Special Features (4 1/2 out of 5 stars)
This is a pretty good mix of new and old extras. The new stuff is in high definition while the old stuff is in standard definition.
- Not the Usual Mindless Boring Getting to Know You Chit Chat – An all new retrospective with the cast and crew where they talk about how they got the job and how the movie’s success affected their careers. This is a very candid discussion with Travolta talking about how much he appreciates Tarantino casting him for this movie and how it resuscitated his career. Another surprising confession from Samuel L. Jackson who shares that when he as told the part of Jules was written for him, just read it impassively which almost cost him the part to Laurence Fishburne. When he found out that his role was in jeopardy, he came back and blew them away with his audition of the restaurant scene. From then on, the part was his.
- Here are Some Facts on the Fiction – Elvis Mitchell, Scott Foundas, Stephanie Zacharek, Tim Lucas and Andy Klein discuss the merits and impact of the film. This is kind of interesting but basically it doesn’t really cover any new ground.
- Pulp Fiction: The Facts – A look back in time at one of the previous featurettes that is one of the few places you will get to hear Tarantino’s thoughts since he didn’t participate in the new retrospective. While this isn’t as detailed as the new one but there’s some good bits in here.
- Deleted Scenes – Tarantino introduces the deleted scenes and declares that there will never be a director’s cut since he does it right the first time. The scenes are pretty good but not really needed.
- Behind the Scenes Montages – A look some behind the scenes film of “Jack Rabbit Slim’s” and “Butch Hits Marsellus.”
- Production Design Featurette – A talk with the film’s Production Designer David Wasco and the Set Decorator Sandy Reynolds-Wasco.
- Siskel & Ebert At the Movies: The Tarantino Generation – This is a segment of Siskel & Ebert At the Movies that was devoted to Tarantino and his films.
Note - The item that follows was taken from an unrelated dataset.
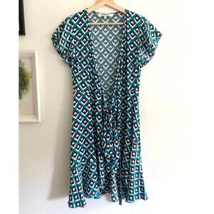 A blue geo print adds iconic DVF style to this Diane von Furstenberg V-neck wrap dress.
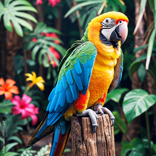 © 4CreativeWorld, Naklejka premium Vibrant blue and yellow macaw perched on a branch in a lush tropical setting.

It’s great to see the late Gene Siskel again and to watch their interplay once again.
- Independent Spirit Awards – A short interview of Tarantino by filmmaker Michael Moore.
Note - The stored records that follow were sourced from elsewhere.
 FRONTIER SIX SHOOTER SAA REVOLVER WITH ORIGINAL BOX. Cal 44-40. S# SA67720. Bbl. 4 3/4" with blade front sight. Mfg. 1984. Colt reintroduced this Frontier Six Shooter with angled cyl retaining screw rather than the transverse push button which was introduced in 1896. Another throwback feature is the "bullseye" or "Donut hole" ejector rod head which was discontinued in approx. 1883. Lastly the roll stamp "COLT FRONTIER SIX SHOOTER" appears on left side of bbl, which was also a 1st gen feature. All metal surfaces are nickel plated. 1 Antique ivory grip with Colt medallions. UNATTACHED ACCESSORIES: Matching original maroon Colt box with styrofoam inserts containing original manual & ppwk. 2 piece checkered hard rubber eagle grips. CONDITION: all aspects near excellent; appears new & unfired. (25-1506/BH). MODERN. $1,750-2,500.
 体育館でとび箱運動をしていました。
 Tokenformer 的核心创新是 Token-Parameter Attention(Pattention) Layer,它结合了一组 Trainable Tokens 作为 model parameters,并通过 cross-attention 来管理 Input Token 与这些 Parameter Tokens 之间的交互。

- Cannes Film Festival – Palme D’Or Acceptance Speech
- Charlie Rose Show- The most in depth interview with Tarantino on the disc where he talks about his influences and childhood.
- Marketing Gallery- Includes a ton of the marketing materials used for the movie’s advertising:
- U.S. Theatrical Trailer
- UK Theatrical Trailer
- French Theatrical Trailer
- German Theatrical Trailer
- Japanese Theatrical Trailer
- Question TV Spot
- Electrifying TV Spot
- Event TV Spot
- Reaction TV Spot
- Nominations TV Spot
- John TV Spot
- Question/Review TV Spot
- Review TV Spot
- On the Move TV Spot
- Movie Event TV Spot
- React/Review TV Spot
- Academy 7 TV Spot
- Travolta Academy TV Spot
- Academy Award Campaign and Trade Ads
- Still Gallery
- Enhanced Trivia Track
Final Thoughts (5 out of 5 stars)
This is my favorite Tarantino movie and one of my all time favorites period. The chemistry between the cast especially between Travolta and Jackson is fantastic. The movie’s non-linear story-telling always keeps the movie fresh as does the witty and darkly comic script. All of the elements came together perfectly for this movie and I can’t recommend it highly enough!